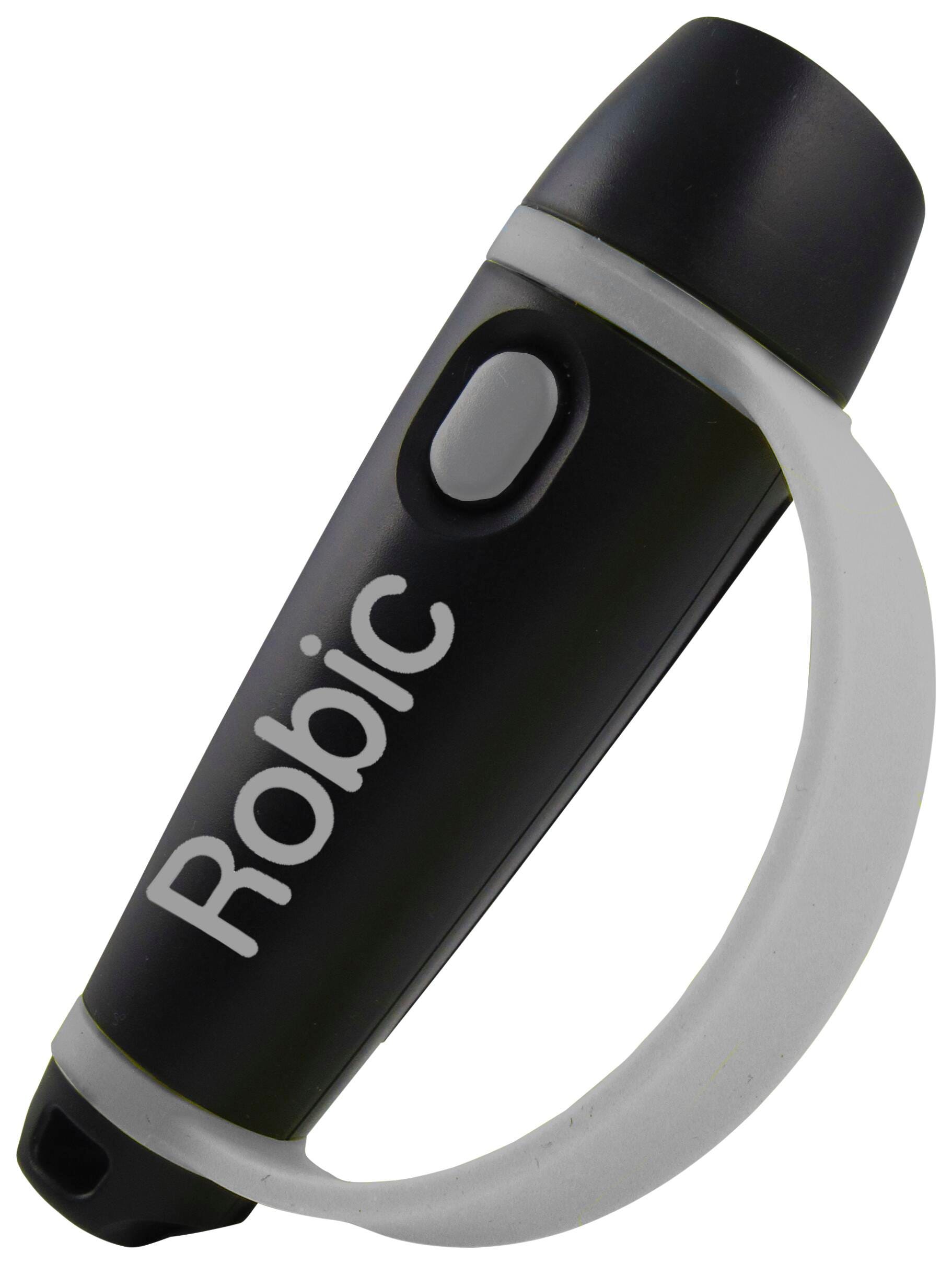 The Robic M619 is a high quality, rugged, impact resistant handheld Electronic Whistle & Personal Alarm which emits a loud, clear audible signal with a volume rated up to 125 dB.Electronic whistle/alarm; 2 AA batteries, Lanyard, Instructions, warranty
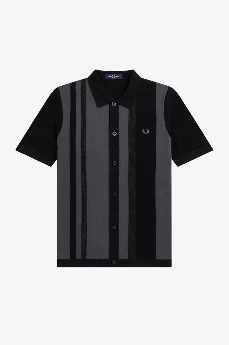 Fine gauge combed cotton knit / Classic fit / Piqué and mesh vertical stripe detailing to the front / Button through placket / Laurel Wreath embroidered logo on the left hand chest
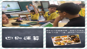 本節課程先利用生活會遇到的用餐消費題型,引導學生從中理解四則運算在生活上的應用,再搭配iPad的簡報app Keynote引發學生學習興趣,並善用iPad另一個app Paper成為學生練習計算的平台以增加學習效率,強化學生對於四則運算例題的熟練度與計算與解題能力。最後再搭配kahoot平台再次複習四則運算中重要的規律,讓學生們從玩樂中建立四則運算的熟悉度,提升學生專注力,同時訓練學生在閱讀題目的理解力。
◆ ◆ ◆ ◆ ◆
*What the task asks:* From the line containing "Fine gauge combed" down to the final line of the listing above, write out only those lines exactly as they are, minus the pictures.

*Response area:*
 Fine gauge combed cotton knit / Classic fit / Piqué and mesh vertical stripe detailing to the front / Button through placket / Laurel Wreath embroidered logo on the left hand chest
 本節課程先利用生活會遇到的用餐消費題型,引導學生從中理解四則運算在生活上的應用,再搭配iPad的簡報app Keynote引發學生學習興趣,並善用iPad另一個app Paper成為學生練習計算的平台以增加學習效率,強化學生對於四則運算例題的熟練度與計算與解題能力。最後再搭配kahoot平台再次複習四則運算中重要的規律,讓學生們從玩樂中建立四則運算的熟悉度,提升學生專注力,同時訓練學生在閱讀題目的理解力。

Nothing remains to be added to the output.